Grande Futebol
Marinho Peres: capitão, desertor e um sonho que virou pesadelo em Barcelona
2018-06-09 18:05:00
Marinho Peres foi capitão da seleção brasileira de 1974 que desiludiu o Mundo do futebol e viveu uma aventura em Espanha

Marinho Peres. Marinho Peres Ulibarri. Marinho Peres tem tanto de paulista como de madrileno ou navarro. Nascido em Sorocaba no estado de São Paulo, quisesse Marinho Peres e o seu percurso futebolístico podia ter sido bem diferente. Quis, o antigo treinador de Belenenses, Marítimo, Vitória SC ou Sporting que assim não o fosse. Foi pelo Brasil que sempre jogou. Foi a canarinha que sempre defendeu. Pelo Brasil fez doze jogos e marcou um golo. Sete deles, durante o Mundial de 1974. Capitaneando a seleção do seu país. Não o dos seus pais. Esse é Espanha. Onde jogou e de onde teve de fugir.

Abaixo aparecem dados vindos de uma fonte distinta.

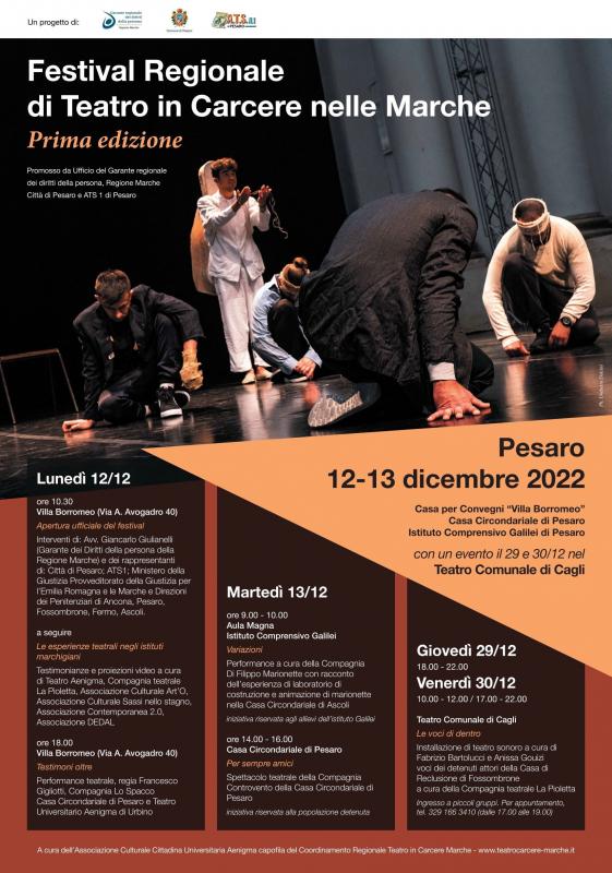 A Pesaro, lunedì 12 e martedì 13 dicembre, il primo festival Regionale di Teatro in Carcere, un progetto dell’Ufficio del Garante dei diritti della persona della Regione Marche e della Città di Pesaro con l’Ambito Territoriale Sociale 1, a cura dell’Associazione Culturale Cittadina Universitaria Aenigma capofila del Coordinamento Regionale Teatro in Carcere Marche.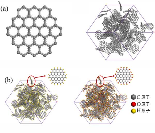 圖1:(a)顯示了基本活性炭的結構和微孔活性炭模型,(b)具有不同官能團的微孔活性炭(a)–H;(b)–OH。

Com três títulos mundiais nos quatro torneios anteriores, o Brasil chegou à Alemanha com a expetativa de sempre: Erguer o troféu máximo do futebol. O pós Pelé, porém, não foi escrito de glória. Depois de dois empates a zero perante Jugoslávia, só uma vitória por 3-0 perante o Zaire permitiu que a seleção brasileira seguisse em frente na competição apesar da igualdade pontual com a Escócia e a Jugoslávia. Ao Brasil valeu um golo do jugoslavo Karasi perante a Escócia para que os britânicos acabassem eliminados da competição e o Brasil seguisse em frente. Na segunda ronda, porém, não houve novo milagre. Apesar das vitórias tangentes perante a Alemanha Oriental e a Argentina, uma derrota por 2-0 perante a Holanda atirou o Brasil para o segundo lugar do grupo e para fora da decisão final vencida pela Alemanha Ocidental. O Brasil de Marinho Peres nem a consolação do terceiro lugar teve ao perder com a Polónia por 1-0. Para o antigo vencedor da Taça de Portugal, porém, nada mais seria igual. Ali começou um sonho que virou pesadelo.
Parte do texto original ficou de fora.